I am trying to prove an equation is always positive given certain constraints for the variables, the equation I've come up with is as follows
$ 2 b \cos(t+2r) \sin(a t) - 2 \sin(t) \cos(a t + 2 b (\pi - r - t)) + 2 \sin(t) \cos(a t) - 2 b \cos(t) \sin(a t)$
In my previous post it is commented that this expression can be simplified to the following equation
$ \sin(b(\pi-r-t)) \sin(t) \sin(b(\pi - r - t) + a t) - b \sin(r) \sin(a t) \sin(r+t)$
Is this correct and if so, how did they do it?

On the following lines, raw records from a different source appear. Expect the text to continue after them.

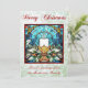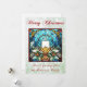 Bright and vibrant stained glass design of a bouquet of Christmas holly and berries surrounding a candle, in a red frame. With pale green glitter background and "Merry Christmas". You can change the customisable personal greeting at the bottom of the design to your own message.
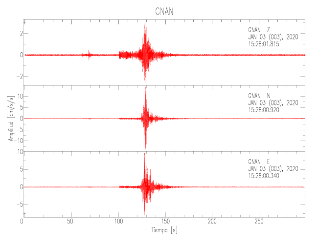 La siguiente tabla muestra los datos de aceleración máxima para cada componente en porcentaje de la aceleración de la gravedad (%g). Estos se obtienen dividiendo el valor del PGA registrado por 980 cm/s2 y multiplicándolo por 100. Las estaciones se listan en orden alfabético. Los valores de las últimas dos columnas corresponden a la componente radial y transversal.
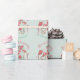Ce papier d'emballage fantaisiste de Noël présente un thème boisé enchanté sur un arrière - plan vert menthe. L'image d'une jolie fée et d'un papillon sont représentés parmi les champignons et le feuillage forestier. Deux petits sucres de canne sont placés de chaque côté, et des flocons de parties scintillant roses tombent. Un accueil "joyeux Noël" est imprimé en haut dans une police de caractères élégante. Un exemple de nom de famille est imprimé en bas, que vous pouvez personnaliser pour inclure votre propre nom ou texte personnalisé.
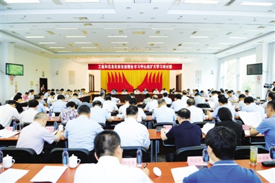 本报讯 6月27日—29日,工业和信息化部党组在京举办理论学习中心组扩大学习研讨班,围绕深入学习贯彻习近平新时代中国特色社会主义思想和党的十九大精神,紧密结合“不忘初心、牢记使命”主题教育,聚焦制造强国和网络强国建设,扎实开展集中学习研讨。中央“不忘初心、牢记使命”主题教育第22指导组副组长刘越同志和沈群英同志到会指导。
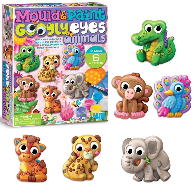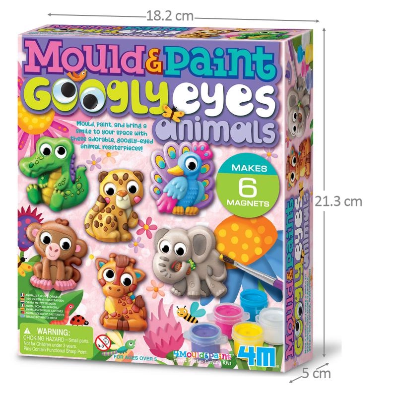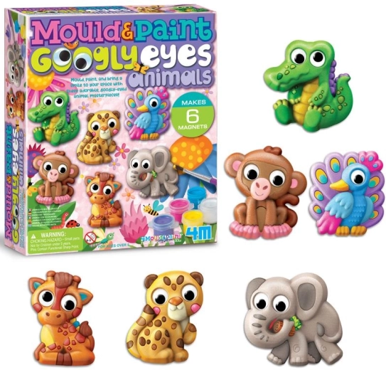 Kinderen maken tot 6 originele magneten – bijvoorbeeld een olifant, aapje, pauw, giraffe, luipaard of krokodil. De beweeglijke ogen geven elke creatie een speelse uitdrukking en de eindresultaten worden een favoriete toevoeging aan de kinderkamer.
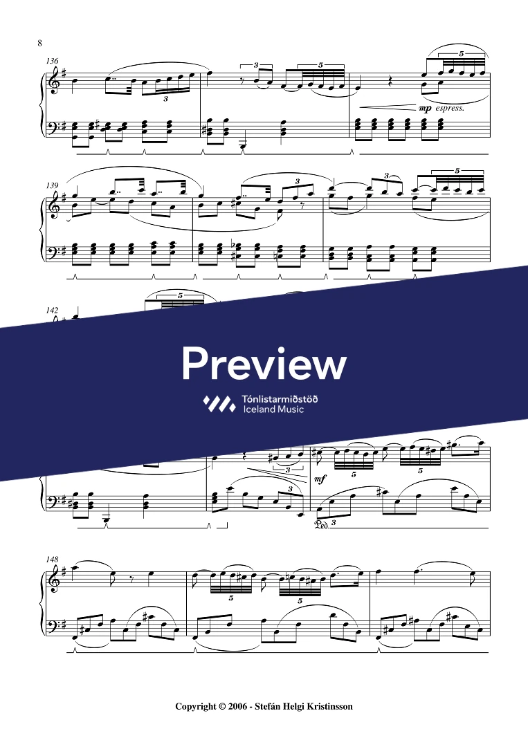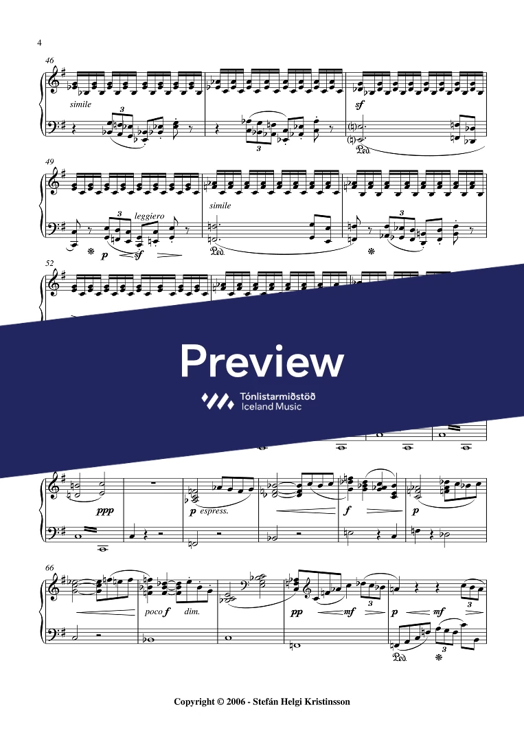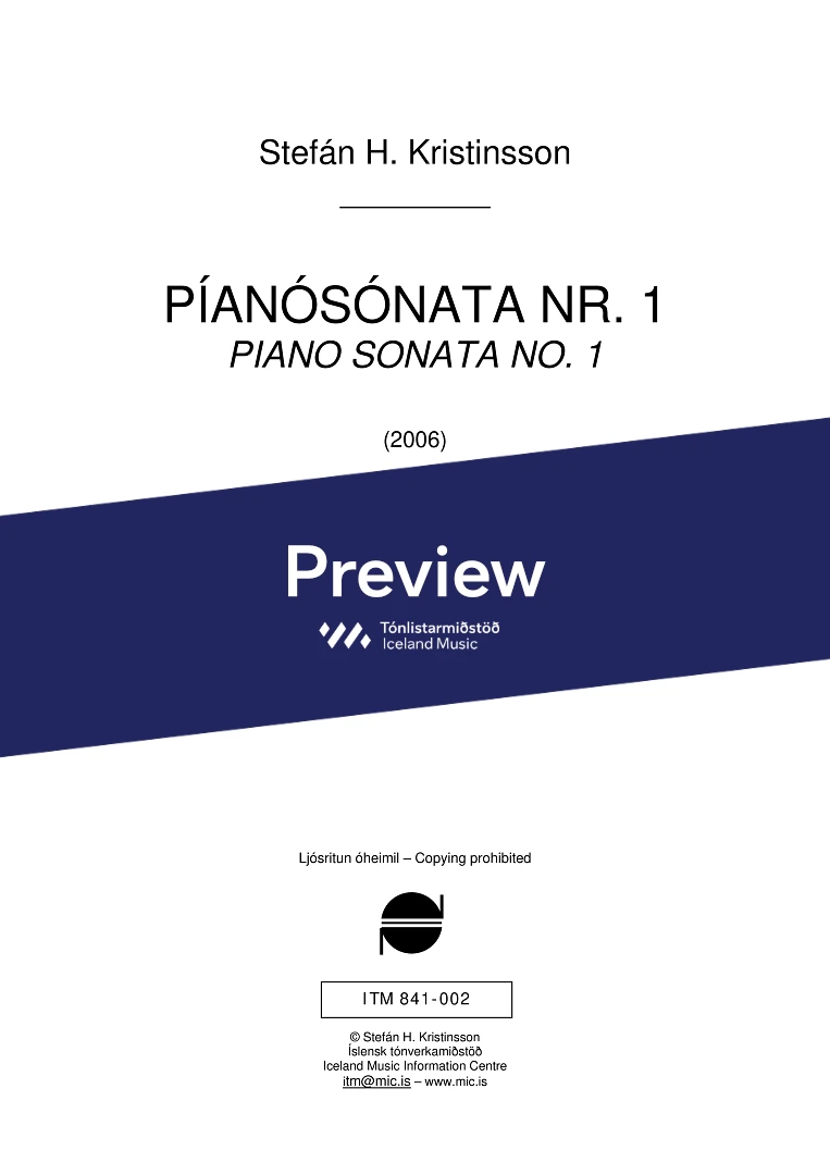 Composer Stefán Helgi Kristinsson Year composed2006 Categories Solo works InstrumentationPianoDuration19 minutes Catalogue no.841-002 ISMN-
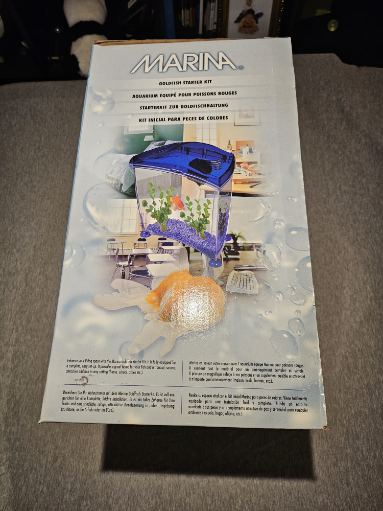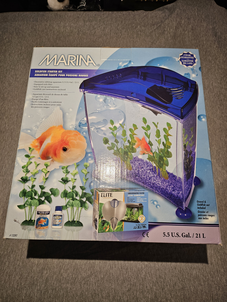 This kit comes with a 5.5 US Gallon aquarium and includes a filter, a gravel and goldfish net, fish food, water conditioner, and fake plants. Brand New In Box.
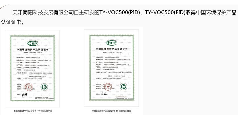 同陽TY-VOC500(PID/FID)在線監測系統取得中國環境保護產品認證
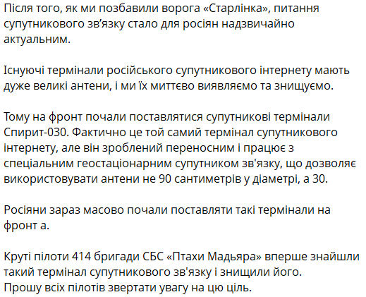 "Круті пілоти 414-ї бригади СБС "Птахи Мадьяра" вперше знайшли такий супутниковий термінал зв'язку та знищили його. Прошу всіх пілотів звертати увагу на цю мету", - написав Бескрестнов.
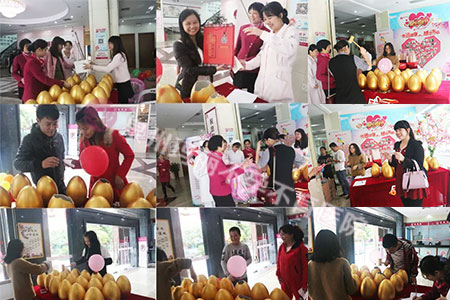 今天每位来院患者都能在一楼活动去参与砸金蛋活动,每个金蛋中都设置了奖品,有免费检查券、免费治疗券、宝宝学步车、碟碗套装等礼品。
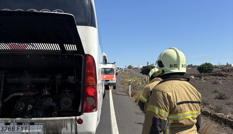 An emergency team was dispatched on the morning of Sunday, October 26th to the LZ-02, near the cemetery in Tías, due to the risk of fire in a bus.

Like I said, I'm not a mathematician so I haven't been able to recreate it but if this is true it could prove useful.
Pretty sure the RHS is zero right? The coefficient seems to be canceled out.
\begin{align} & 2 b \cos(t+2r) \sin(a t) - 2 \sin(t) \cos(a t + 2 b (\pi - r - t)) + 2 \sin(t) \cos(a t) - 2 b \cos(t) \sin(a t)\\ &= 2 b [\cos(t+2r)- \cos(t)] \sin(a t) -2[\cos(a t)-\cos(a t + 2 b (\pi - r - t))]\sin(t)\\ &= -4b\sin(r)\sin(r+t)\sin(at) -4 \sin(b (-r - t + π)) \sin(a t + b (-r - t + π))\sin(t)\\ &=-4\left[b\sin(r)\sin(r+t)\sin(at) + \sin(b (-r - t + π)) \sin(a t + b (-r - t + π))\sin(t)\right] \end{align}
Discarding the $(-4)$, you get your expression. This is just using a standard product/sum formula.